Goal-scoped event pinning — some moments are too important for summaries. Exact user instructions. Key decisions. Critical corrections. Mneme pins these events to active Goals — they float above the sliding window, protected from eviction, surviving intact where compression would lose the nuance that matters. Pins are goal-scoped and many-to-many: one event can attach to multiple Goals, and cleanup is automatic via reference counting. When the last active Goal completes, the pin releases. No manual unpin, no stale pins accumulating forever.

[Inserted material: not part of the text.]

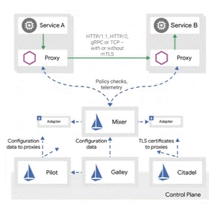 Service Mesh -> Tecnología para abordar las complejidades de las arquitecturas de microservicios, que ya no tienen que hacerla los microservicios (plano de control). En los microservicios se incluye un Proxy que se comunica con el Service Mesh
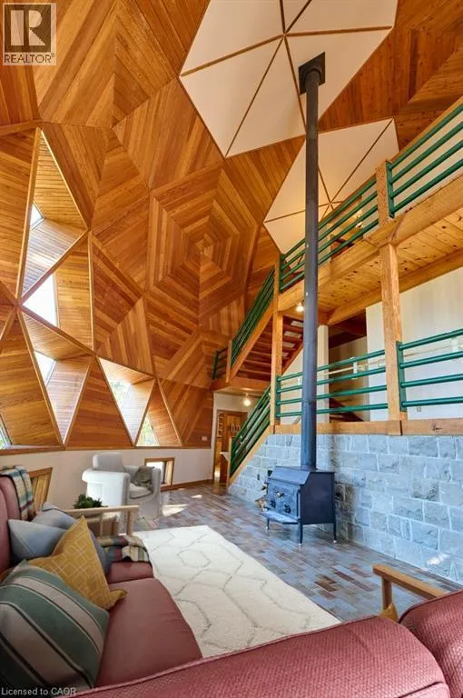 Bridge St to Meadowbrook Set at the end of a quiet cul-de-sac, this Geodesic Dome offers a retreat-like setting on 3.4 acres of private land. Nearly 500 feet of river frontage stretches along the propertyâs edge, with your own forest walking trail following the riverbank, creating a sense of peace and connection to nature. The home itself reflects the vision of Buckminster Fuller, designed for efficiency, strength, and harmony with the environment. The 20-inch exterior walls, insulated with spray foam, provide outstanding efficiency and comfort. The bulk of the many windows face south to take advantage of the sun, while a decorative concrete block wall inside acts as a natural heat sink, storing warmth during the day and releasing it slowly into the evening. A dramatic soaring ceiling with exposed wood beams and a warm wood-clad interior create a welcoming atmosphere, with natural light flooding the open spaces and framing views of the forest and river. Adding to the uniqueness of the property, a second dome forms part of the cluster of geodesic design. This insulated garage not only accommodates vehicles, it can also be heated for use as a workshop and includes a loft space for storage or projects. The walk-out basement provides additional living area with plenty of potential to finish and customize. Water service is supplied by a well, with a cistern for gardening needs, and a municipal connection is also available if desired. Every aspect of this property blends architectural significance with everyday function. From the super-efficient dome design to the natural sanctuary along the river, this home is more than a residence, it is an inspiring place to live, create, and connect. (id:27476)

Associative recall — FTS5 full-text search across the entire message history, across all sessions. Two modes: passive recall triggers automatically when goals change — Mneme searches for relevant older context and injects it into the viewport between snapshots and the sliding window as from_mneme phantom pairs. Memories surface on their own, right after the soul, right before the present. Aoide doesn't have to decide to remember — the remembering happens around her. Active search is available to Aoide through search_messages(query:) (keyword sweep across long-term memory) and view_messages(message_id:) (fractal window around a specific message — full detail at the center, compressed snapshots at the edges, like eye focus with sharp fovea and blurry periphery).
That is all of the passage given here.